| PROBLEM TO SOLVE |
In the material below, find the line that contains "группы по 5-7" and the line that contains "A beautiful full", then write out exactly those two lines and everything between them.

** SUPPLIED DATA follows **

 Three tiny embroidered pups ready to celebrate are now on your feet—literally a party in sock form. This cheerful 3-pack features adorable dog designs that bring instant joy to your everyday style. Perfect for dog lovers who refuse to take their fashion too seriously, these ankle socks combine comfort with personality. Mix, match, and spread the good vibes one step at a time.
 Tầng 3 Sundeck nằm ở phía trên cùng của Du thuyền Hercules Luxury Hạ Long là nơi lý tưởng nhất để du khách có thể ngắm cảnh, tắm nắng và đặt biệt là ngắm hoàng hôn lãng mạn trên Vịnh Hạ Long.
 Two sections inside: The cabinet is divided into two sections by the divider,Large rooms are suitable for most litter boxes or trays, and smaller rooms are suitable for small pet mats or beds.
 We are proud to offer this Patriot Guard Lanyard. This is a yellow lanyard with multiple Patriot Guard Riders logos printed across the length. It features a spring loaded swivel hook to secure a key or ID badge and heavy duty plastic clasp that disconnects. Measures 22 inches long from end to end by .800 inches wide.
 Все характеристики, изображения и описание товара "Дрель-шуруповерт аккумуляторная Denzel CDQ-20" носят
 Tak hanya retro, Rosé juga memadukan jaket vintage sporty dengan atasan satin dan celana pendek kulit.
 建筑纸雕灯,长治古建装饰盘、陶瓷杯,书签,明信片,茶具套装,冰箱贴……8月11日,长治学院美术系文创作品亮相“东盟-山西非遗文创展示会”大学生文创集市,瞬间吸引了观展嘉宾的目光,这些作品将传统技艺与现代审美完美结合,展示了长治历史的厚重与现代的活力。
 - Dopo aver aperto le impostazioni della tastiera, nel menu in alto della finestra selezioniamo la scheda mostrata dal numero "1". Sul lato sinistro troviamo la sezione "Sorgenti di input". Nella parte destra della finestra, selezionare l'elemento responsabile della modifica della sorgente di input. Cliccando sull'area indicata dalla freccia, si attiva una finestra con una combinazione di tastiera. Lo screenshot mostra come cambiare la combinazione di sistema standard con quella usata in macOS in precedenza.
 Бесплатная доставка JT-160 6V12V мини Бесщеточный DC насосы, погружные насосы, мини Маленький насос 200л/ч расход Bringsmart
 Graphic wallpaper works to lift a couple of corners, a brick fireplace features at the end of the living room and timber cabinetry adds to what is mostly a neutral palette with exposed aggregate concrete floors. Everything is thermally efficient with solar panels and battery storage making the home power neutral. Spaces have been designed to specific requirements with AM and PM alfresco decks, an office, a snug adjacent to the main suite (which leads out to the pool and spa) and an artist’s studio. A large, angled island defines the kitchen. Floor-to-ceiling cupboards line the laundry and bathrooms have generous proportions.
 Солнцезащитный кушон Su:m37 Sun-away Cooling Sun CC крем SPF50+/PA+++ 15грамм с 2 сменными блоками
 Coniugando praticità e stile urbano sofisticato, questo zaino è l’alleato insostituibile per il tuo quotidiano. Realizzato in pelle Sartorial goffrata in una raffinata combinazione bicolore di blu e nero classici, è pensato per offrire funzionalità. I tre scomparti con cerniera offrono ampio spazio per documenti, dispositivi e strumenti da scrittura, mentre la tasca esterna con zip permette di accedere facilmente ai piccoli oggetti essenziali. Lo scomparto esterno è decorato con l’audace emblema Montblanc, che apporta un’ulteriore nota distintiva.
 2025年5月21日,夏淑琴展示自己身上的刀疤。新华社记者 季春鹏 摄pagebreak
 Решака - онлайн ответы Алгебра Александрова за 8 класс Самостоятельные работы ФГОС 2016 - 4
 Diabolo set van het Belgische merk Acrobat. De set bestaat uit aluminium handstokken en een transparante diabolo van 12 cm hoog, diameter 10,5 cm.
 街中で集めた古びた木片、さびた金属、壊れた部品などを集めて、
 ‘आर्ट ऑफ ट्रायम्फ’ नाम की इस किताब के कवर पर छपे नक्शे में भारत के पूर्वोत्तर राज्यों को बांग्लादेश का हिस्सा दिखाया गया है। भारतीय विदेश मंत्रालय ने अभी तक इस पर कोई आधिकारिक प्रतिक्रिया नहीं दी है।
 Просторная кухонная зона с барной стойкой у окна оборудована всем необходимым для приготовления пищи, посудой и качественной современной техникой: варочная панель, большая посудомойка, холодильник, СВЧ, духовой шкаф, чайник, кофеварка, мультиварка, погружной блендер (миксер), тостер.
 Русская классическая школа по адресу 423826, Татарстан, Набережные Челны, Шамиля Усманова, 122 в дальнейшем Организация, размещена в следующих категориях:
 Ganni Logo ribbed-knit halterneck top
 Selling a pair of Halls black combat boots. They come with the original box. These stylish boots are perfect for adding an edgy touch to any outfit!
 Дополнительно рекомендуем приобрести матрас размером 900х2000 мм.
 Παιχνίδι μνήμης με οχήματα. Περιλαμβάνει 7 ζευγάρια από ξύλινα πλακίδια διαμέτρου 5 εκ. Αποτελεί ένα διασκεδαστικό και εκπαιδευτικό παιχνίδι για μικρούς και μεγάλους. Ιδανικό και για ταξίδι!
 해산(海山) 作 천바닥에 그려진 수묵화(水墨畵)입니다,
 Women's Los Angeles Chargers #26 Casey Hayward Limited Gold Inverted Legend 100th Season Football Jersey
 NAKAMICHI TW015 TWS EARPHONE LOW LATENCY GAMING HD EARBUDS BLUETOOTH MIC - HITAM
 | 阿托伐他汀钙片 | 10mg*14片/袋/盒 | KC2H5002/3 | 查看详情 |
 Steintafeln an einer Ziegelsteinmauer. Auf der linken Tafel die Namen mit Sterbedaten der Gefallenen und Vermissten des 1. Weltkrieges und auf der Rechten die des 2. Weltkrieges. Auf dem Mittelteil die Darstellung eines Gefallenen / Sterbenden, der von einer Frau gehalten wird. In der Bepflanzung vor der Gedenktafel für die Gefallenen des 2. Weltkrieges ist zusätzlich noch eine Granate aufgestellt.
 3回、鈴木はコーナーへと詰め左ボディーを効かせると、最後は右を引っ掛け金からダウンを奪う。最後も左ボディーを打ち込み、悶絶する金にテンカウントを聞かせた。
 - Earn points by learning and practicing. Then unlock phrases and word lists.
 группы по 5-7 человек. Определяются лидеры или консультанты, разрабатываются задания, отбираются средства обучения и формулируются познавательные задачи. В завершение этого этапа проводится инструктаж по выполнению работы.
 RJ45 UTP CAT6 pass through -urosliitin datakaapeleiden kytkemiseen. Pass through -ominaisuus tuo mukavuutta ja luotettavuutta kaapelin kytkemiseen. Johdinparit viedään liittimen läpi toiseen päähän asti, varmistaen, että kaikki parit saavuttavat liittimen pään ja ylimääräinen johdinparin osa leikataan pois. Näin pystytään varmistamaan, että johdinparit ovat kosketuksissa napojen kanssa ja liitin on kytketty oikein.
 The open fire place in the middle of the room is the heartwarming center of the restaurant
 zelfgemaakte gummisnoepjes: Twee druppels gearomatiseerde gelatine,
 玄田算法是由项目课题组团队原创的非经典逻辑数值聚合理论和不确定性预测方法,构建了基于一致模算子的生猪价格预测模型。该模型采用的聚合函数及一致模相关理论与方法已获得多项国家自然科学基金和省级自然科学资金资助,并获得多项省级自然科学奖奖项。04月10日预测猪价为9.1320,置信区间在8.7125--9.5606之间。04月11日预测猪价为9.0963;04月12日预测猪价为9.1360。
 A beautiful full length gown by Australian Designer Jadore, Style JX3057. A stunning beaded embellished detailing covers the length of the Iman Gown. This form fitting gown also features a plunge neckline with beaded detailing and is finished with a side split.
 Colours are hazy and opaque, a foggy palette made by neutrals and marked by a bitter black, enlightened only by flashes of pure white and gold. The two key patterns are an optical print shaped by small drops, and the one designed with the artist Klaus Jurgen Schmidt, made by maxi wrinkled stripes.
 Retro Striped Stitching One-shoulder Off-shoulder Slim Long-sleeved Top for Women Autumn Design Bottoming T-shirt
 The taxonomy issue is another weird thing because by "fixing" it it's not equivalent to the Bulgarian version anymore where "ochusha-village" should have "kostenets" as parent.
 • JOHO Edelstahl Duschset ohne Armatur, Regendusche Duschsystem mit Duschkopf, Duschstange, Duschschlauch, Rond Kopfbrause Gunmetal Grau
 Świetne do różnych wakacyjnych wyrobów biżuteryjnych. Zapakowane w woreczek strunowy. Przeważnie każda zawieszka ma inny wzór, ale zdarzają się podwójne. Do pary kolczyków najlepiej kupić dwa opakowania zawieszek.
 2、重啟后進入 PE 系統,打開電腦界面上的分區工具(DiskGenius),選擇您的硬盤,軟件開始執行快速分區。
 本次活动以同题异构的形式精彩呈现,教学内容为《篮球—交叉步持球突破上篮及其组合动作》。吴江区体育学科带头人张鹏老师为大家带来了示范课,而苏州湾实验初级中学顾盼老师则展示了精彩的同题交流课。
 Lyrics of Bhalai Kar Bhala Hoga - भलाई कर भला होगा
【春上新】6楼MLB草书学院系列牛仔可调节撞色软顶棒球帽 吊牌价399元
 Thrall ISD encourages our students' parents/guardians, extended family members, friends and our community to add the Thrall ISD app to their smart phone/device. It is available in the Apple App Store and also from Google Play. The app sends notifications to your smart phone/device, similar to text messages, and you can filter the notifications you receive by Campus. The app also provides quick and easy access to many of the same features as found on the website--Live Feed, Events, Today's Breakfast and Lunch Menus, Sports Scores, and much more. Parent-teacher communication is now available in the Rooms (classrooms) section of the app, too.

** End of SUPPLIED DATA **

| SOLUTION FOR THIS TASK |
 группы по 5-7 человек. Определяются лидеры или консультанты, разрабатываются задания, отбираются средства обучения и формулируются познавательные задачи. В завершение этого этапа проводится инструктаж по выполнению работы.
 RJ45 UTP CAT6 pass through -urosliitin datakaapeleiden kytkemiseen. Pass through -ominaisuus tuo mukavuutta ja luotettavuutta kaapelin kytkemiseen. Johdinparit viedään liittimen läpi toiseen päähän asti, varmistaen, että kaikki parit saavuttavat liittimen pään ja ylimääräinen johdinparin osa leikataan pois. Näin pystytään varmistamaan, että johdinparit ovat kosketuksissa napojen kanssa ja liitin on kytketty oikein.
 The open fire place in the middle of the room is the heartwarming center of the restaurant
 zelfgemaakte gummisnoepjes: Twee druppels gearomatiseerde gelatine,
 玄田算法是由项目课题组团队原创的非经典逻辑数值聚合理论和不确定性预测方法,构建了基于一致模算子的生猪价格预测模型。该模型采用的聚合函数及一致模相关理论与方法已获得多项国家自然科学基金和省级自然科学资金资助,并获得多项省级自然科学奖奖项。04月10日预测猪价为9.1320,置信区间在8.7125--9.5606之间。04月11日预测猪价为9.0963;04月12日预测猪价为9.1360。
 A beautiful full length gown by Australian Designer Jadore, Style JX3057. A stunning beaded embellished detailing covers the length of the Iman Gown. This form fitting gown also features a plunge neckline with beaded detailing and is finished with a side split.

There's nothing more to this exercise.